─── MATERIALS PROVIDED
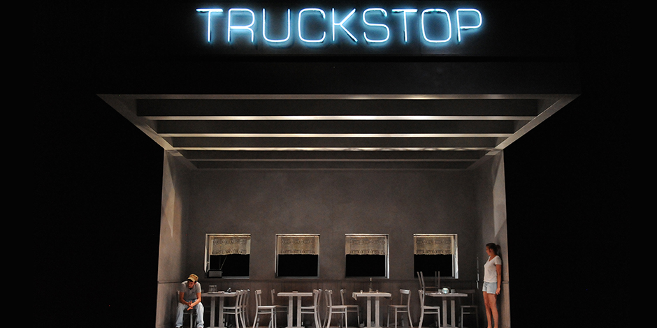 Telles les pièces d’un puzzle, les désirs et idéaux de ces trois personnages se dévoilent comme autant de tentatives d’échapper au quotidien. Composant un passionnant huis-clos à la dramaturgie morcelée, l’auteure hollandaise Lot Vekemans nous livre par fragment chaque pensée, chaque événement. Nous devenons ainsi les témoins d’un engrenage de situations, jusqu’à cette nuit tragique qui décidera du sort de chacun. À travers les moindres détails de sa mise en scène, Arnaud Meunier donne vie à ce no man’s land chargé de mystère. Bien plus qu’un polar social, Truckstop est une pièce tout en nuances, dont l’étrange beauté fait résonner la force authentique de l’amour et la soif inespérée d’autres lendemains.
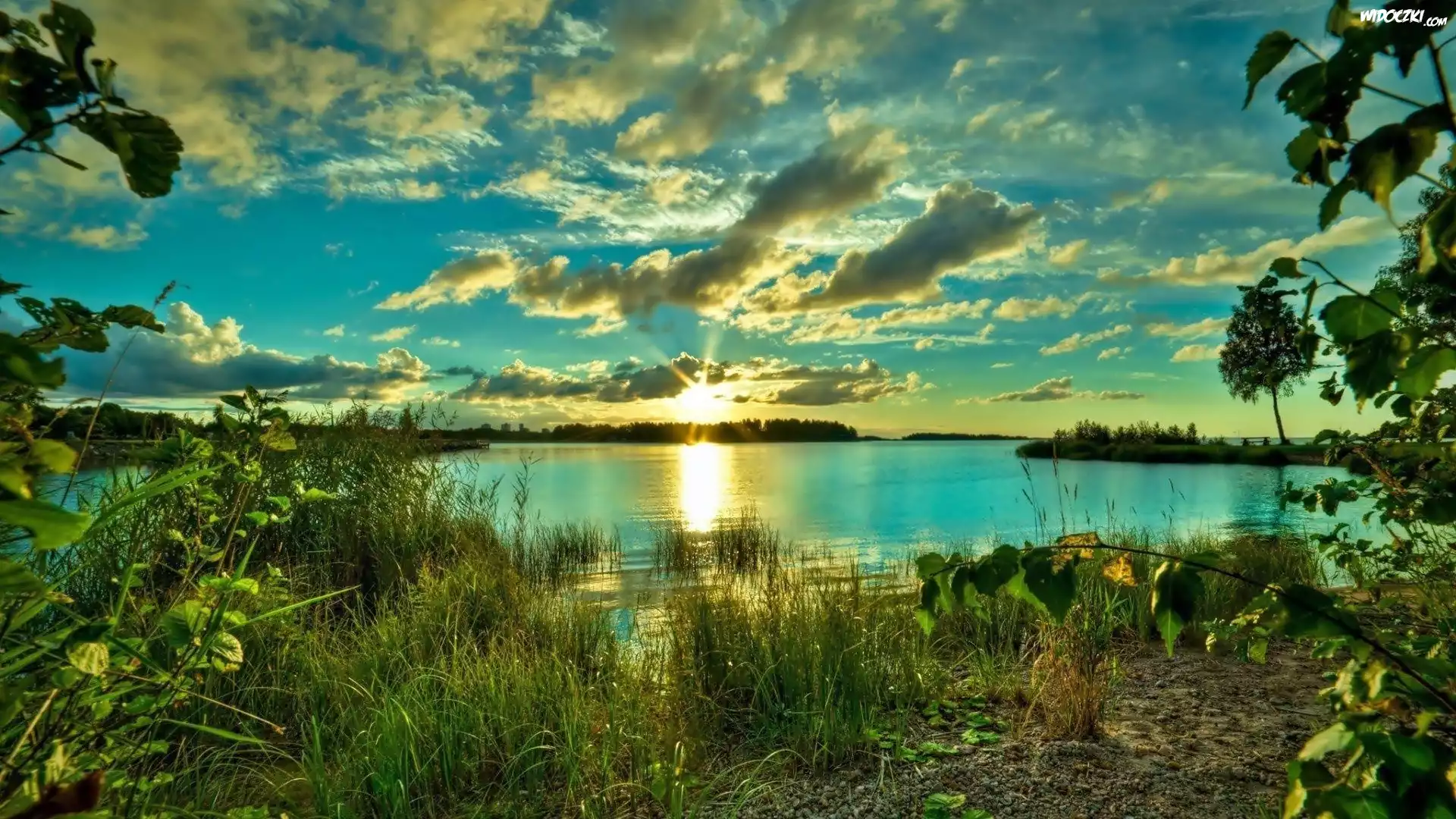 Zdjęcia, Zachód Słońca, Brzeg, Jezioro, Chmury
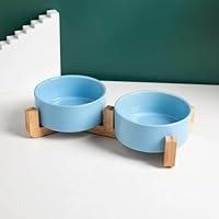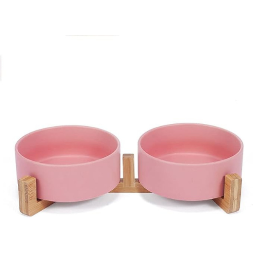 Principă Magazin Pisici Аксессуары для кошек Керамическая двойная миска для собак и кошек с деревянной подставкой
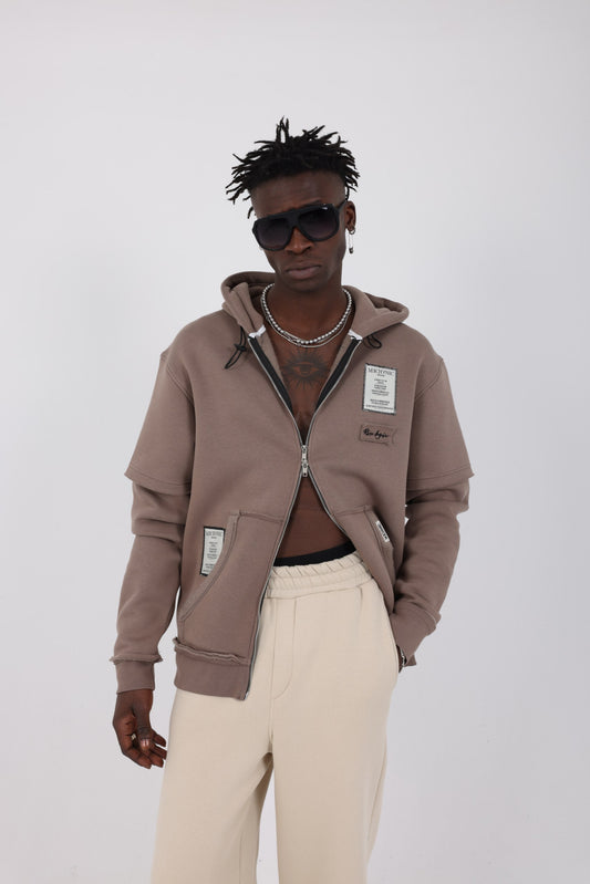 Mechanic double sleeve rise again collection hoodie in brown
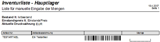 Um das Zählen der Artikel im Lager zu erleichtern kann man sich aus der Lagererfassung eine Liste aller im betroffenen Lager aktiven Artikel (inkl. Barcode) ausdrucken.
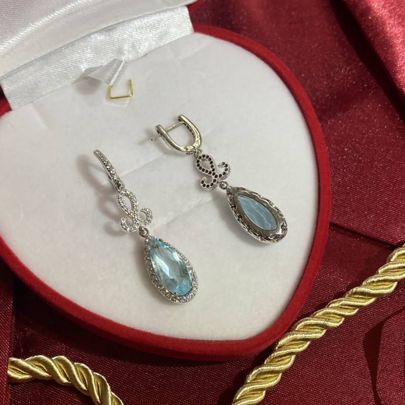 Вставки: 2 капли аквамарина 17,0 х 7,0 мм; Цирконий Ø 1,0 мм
──────
─── MATERIALS PROVIDED
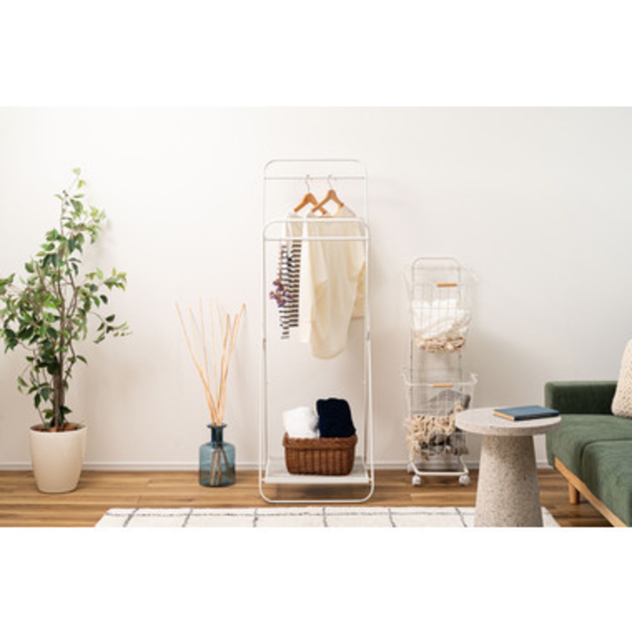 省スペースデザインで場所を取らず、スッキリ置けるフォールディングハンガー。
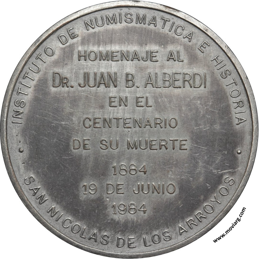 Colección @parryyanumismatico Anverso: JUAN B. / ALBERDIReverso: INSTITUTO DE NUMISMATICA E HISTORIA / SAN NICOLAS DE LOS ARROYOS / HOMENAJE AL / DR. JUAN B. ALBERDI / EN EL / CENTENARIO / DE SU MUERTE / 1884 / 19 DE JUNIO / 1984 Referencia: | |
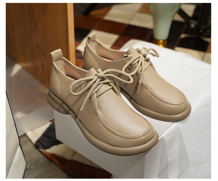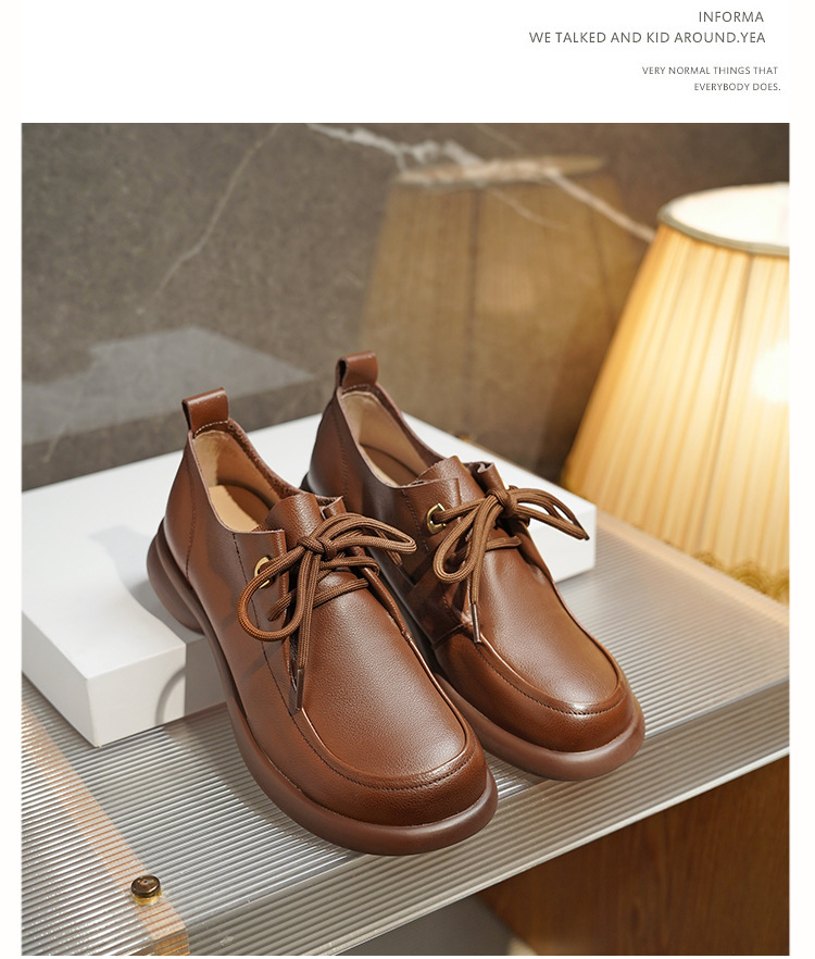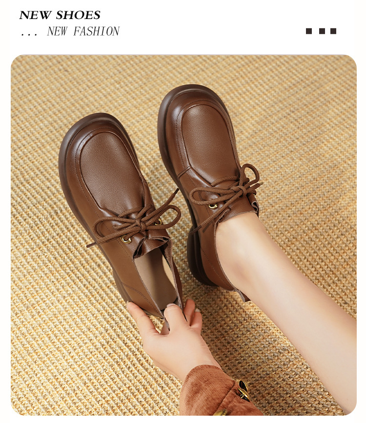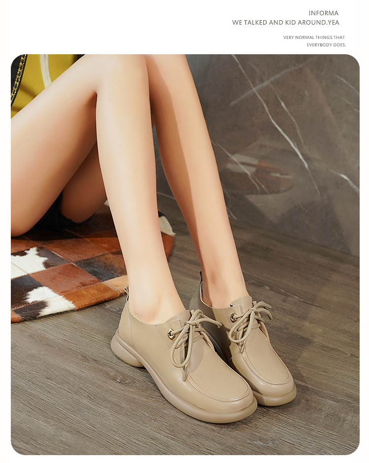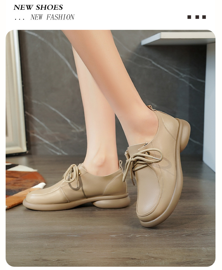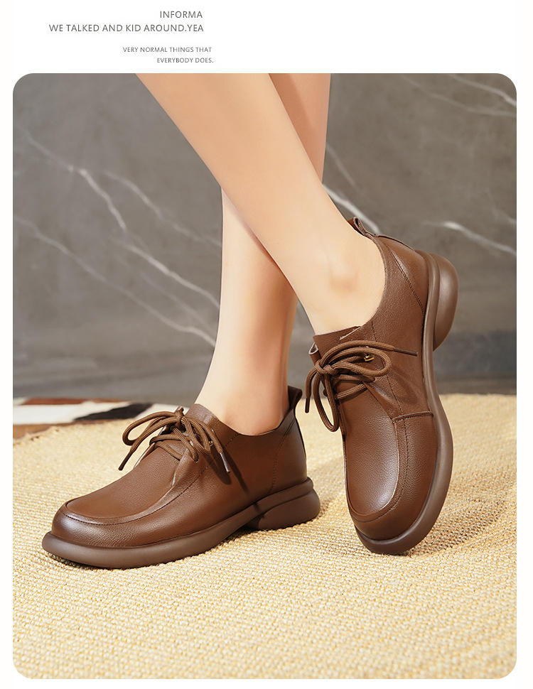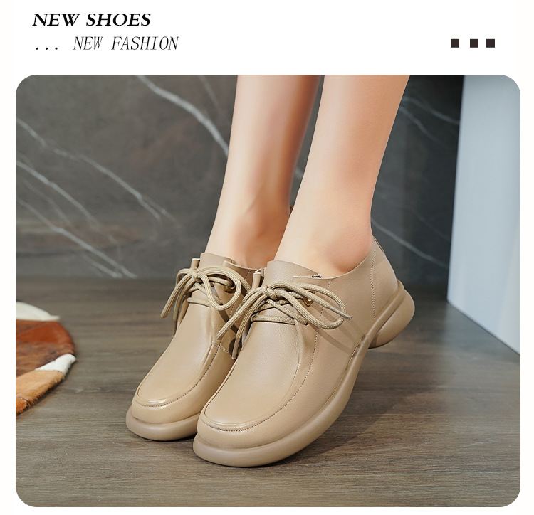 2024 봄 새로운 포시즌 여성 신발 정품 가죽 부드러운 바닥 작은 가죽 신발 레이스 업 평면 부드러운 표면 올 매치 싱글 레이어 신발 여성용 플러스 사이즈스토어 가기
──────
After locating "Colección @parryyanumismatico Anverso: JUAN" and "2024 봄 새로운 포시즌" in the records above, return exactly the line holding each one and every line between them; leave out the pictures.

 Colección @parryyanumismatico Anverso: JUAN B. / ALBERDIReverso: INSTITUTO DE NUMISMATICA E HISTORIA / SAN NICOLAS DE LOS ARROYOS / HOMENAJE AL / DR. JUAN B. ALBERDI / EN EL / CENTENARIO / DE SU MUERTE / 1884 / 19 DE JUNIO / 1984 Referencia: | |
 2024 봄 새로운 포시즌 여성 신발 정품 가죽 부드러운 바닥 작은 가죽 신발 레이스 업 평면 부드러운 표면 올 매치 싱글 레이어 신발 여성용 플러스 사이즈스토어 가기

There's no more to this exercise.